En France, les droits d’auteur sont régis par le Code de la propriété intellectuelle. On distingue plusieurs types de droits : moraux, patrimoniaux et voisins. Concernant nos trois profils, voici comment la répartition s’opère :
1. L’auteur et le compositeur : deux piliers, une égalité de principe
- Droits moraux : Inaliénables, ils permettent à l’auteur et au compositeur de défendre la paternité et l'intégrité de leur œuvre, peu importe les cessions ultérieures.
- Droits patrimoniaux : Permettent la perception de royalties pour chaque exploitation (vente, streaming, diffusion radio, reproduction, etc.).
La SACEM (et la plupart des sociétés de gestion collective dans le monde) considère que l’auteur et le compositeur se partagent équitablement les droits patrimoniaux.
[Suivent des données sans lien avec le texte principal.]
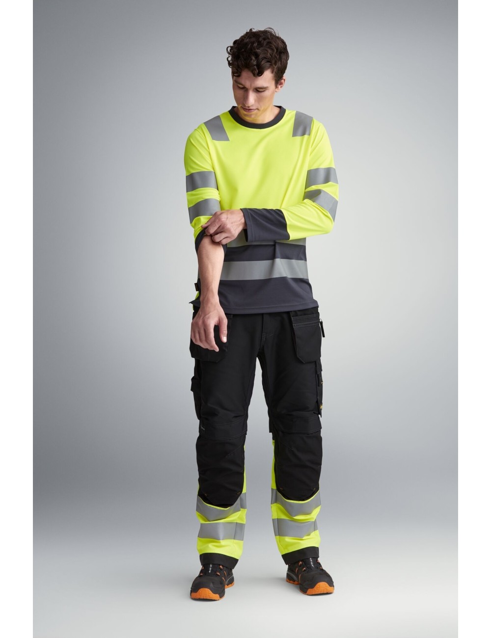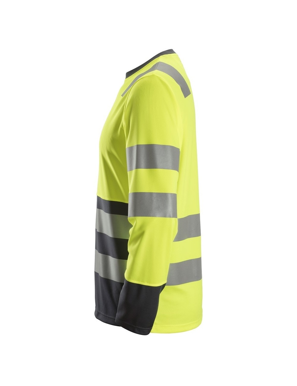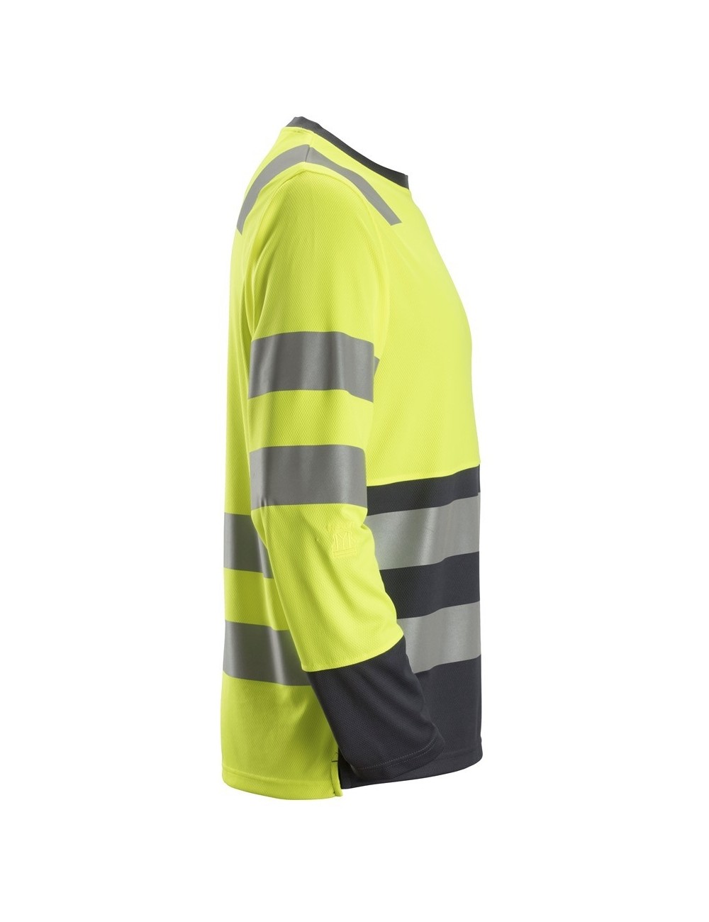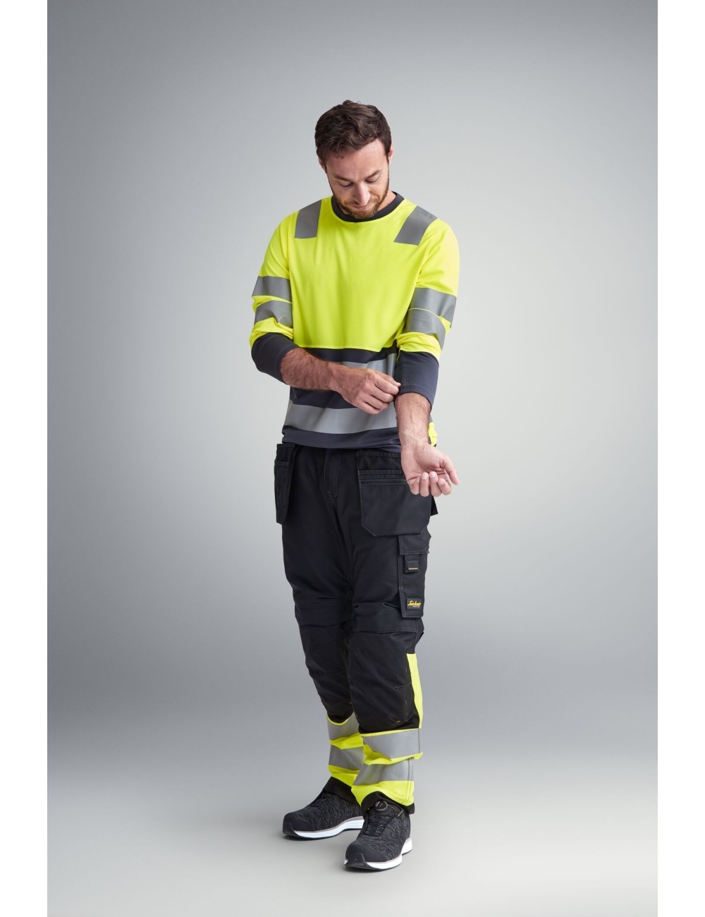 Longsleeve Snickers 2433 AllroundWork to wykonany z wysokiej jakości materiałów, profesjonalny longsleeve do pracy w warunkach kiepskiej widoczności. Wykonany w 100% z poliestru zapewnia dobrą wentylacje i odprowadzanie wilgoci. Może służyć zarówno jako podstawowa odzież noszona zamiast kamizelki odblaskowej jak i jako pierwsza warstwa noszona pod softshell czy kamizelkę ocieplaną w chłodniejsze dni. Wykorzystanie nowoczesnych technologii w produkcji tego produktu gwarantuje, że będziesz czuć się komfortowo nawet podczas intensywnej pracy w lecie, ale też skorzystasz z dobrych właściwości oddychających nosząc ten longsleeve zimą pod odzieżą wierzchnią. Producent zastosował w nim kontrastowe materiały i pasy odblaskowe dla poprawy widocznośc. Podczas projektowania pomyślano również o ciężko pracujących profesjonalistach. Dlatego też w koszulce zastosowano ciemniejszy materiał w strefach narażonych na zabrudzenia.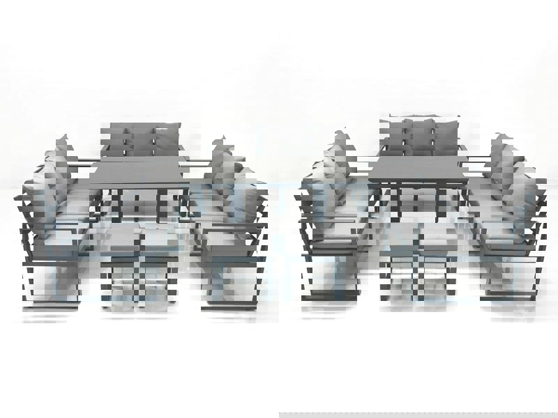 Designed for relaxed outdoor living, this deluxe aluminium adjustable rising sofa dining set brings flexible seating and dining to your patio or garden. Finished in dark grey powder coating with matching dark grey fabric, it offers a coordinated look for everyday lounging, casual meals, and entertaining.

Classiquement, lors d’une déclaration d’œuvre :
- 50% des parts sont allouées au(x) compositeur(s)
- 50% à l’/aux auteur(s)
Si la même personne endosse les deux casquettes, elle perçoit 100% des droits.
2. L’arrangeur : un statut ambigu dans la chaîne de la valeur
Contrairement à l’auteur et au compositeur, le rôle de l’arrangeur n’est pas systématiquement reconnu comme générant des droits d’auteur. Selon l’article L113-7 du CPI, l’arrangement suppose un acte de “dérivation” d’une œuvre principale, qui n’ouvre des droits qu’en cas d’originalité manifeste et d’accord préalable de l’auteur/compositeur original.
En pratique :
- L’arrangeur est rarement considéré comme co-auteur, sauf innovation majeure.
- Il est le plus souvent rémunéré par un cachet dans le cadre d’une session d’enregistrement ou d’un contrat spécifique.
- Si ses choix artistiques modifient profondément l’œuvre, il peut parfois prétendre à un partage des droits, mais ceci est validé au cas par cas par la SACEM.
En 2022, la SACEM répertoriait moins de 2% des ayants droit issus uniquement de l’arrangement (source : SACEM).